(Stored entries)
+ + + + + + +
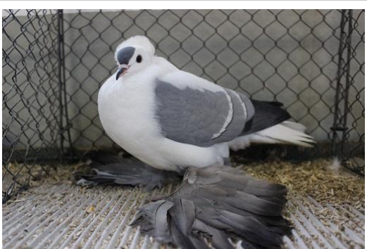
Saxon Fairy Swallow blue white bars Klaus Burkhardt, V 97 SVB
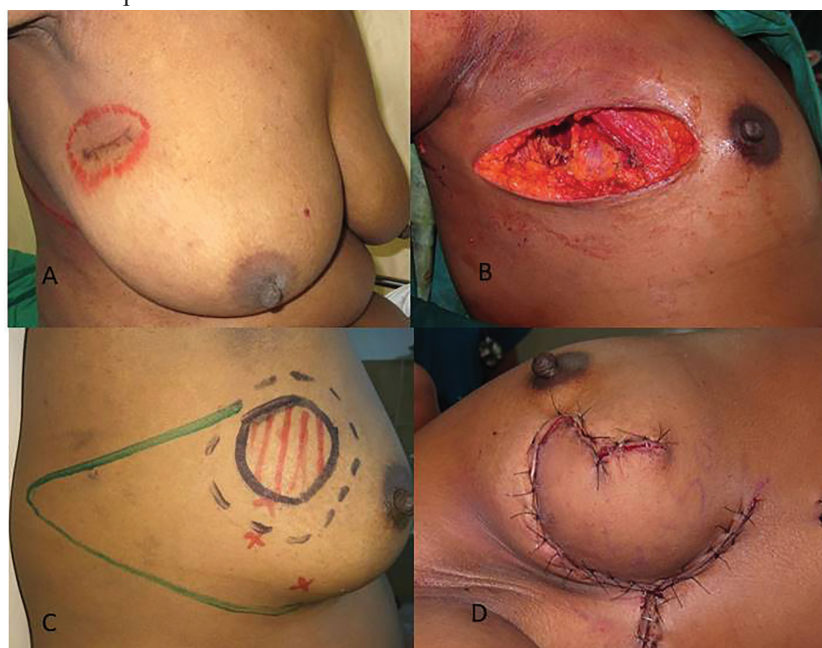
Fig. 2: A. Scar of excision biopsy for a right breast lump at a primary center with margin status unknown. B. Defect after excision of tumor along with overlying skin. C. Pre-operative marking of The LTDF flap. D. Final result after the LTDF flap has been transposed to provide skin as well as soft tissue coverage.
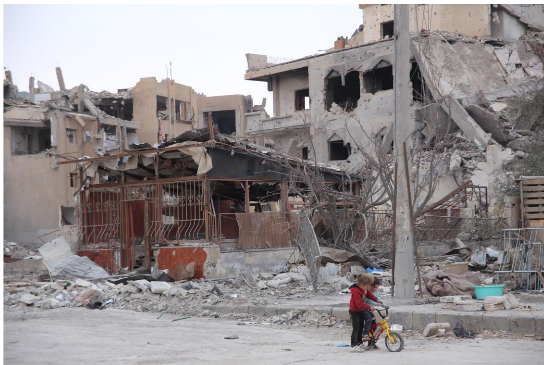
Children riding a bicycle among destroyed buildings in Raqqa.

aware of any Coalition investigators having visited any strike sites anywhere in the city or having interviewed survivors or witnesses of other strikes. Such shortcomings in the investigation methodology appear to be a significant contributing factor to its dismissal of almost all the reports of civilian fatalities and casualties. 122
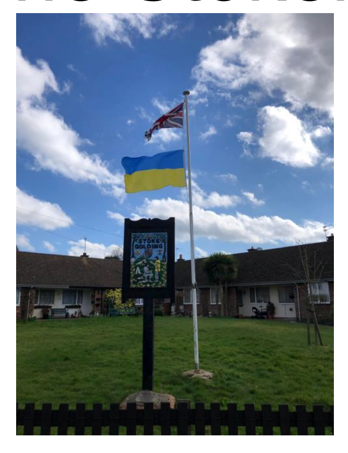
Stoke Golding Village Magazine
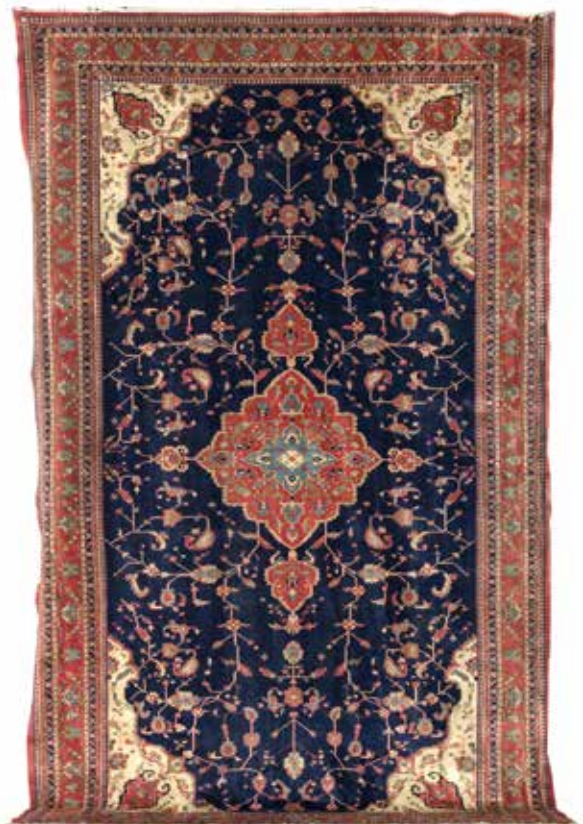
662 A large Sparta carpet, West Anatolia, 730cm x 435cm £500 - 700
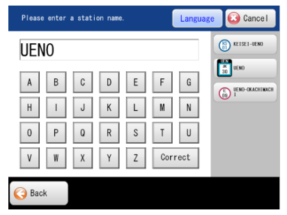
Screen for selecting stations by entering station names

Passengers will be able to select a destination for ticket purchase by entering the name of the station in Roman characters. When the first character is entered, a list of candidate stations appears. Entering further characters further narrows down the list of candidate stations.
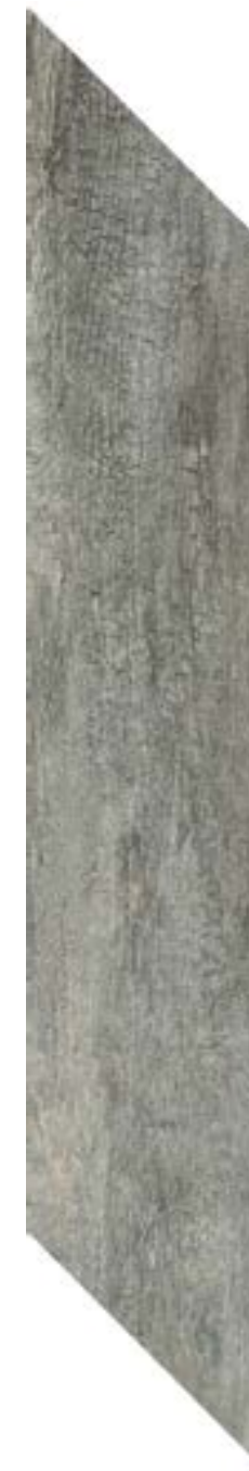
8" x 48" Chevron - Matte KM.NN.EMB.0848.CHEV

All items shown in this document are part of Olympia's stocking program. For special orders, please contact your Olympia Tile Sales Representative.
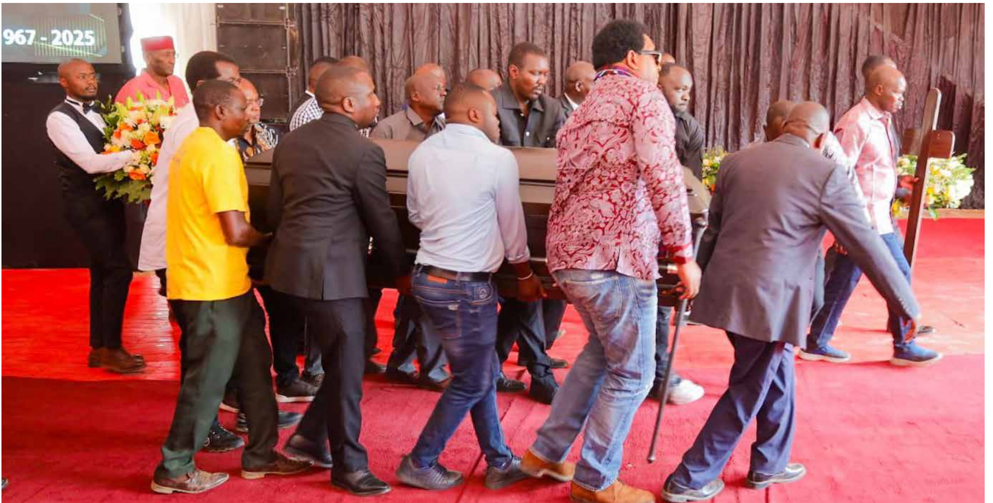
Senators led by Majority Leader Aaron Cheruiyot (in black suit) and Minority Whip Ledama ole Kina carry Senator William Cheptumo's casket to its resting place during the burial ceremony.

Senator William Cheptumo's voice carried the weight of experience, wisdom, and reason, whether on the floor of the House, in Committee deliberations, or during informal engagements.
+ + + + + + +
- _Your task_:
Within the data above, how many lines contain the word "William"? Write only the number.

- _Output of the task_:
2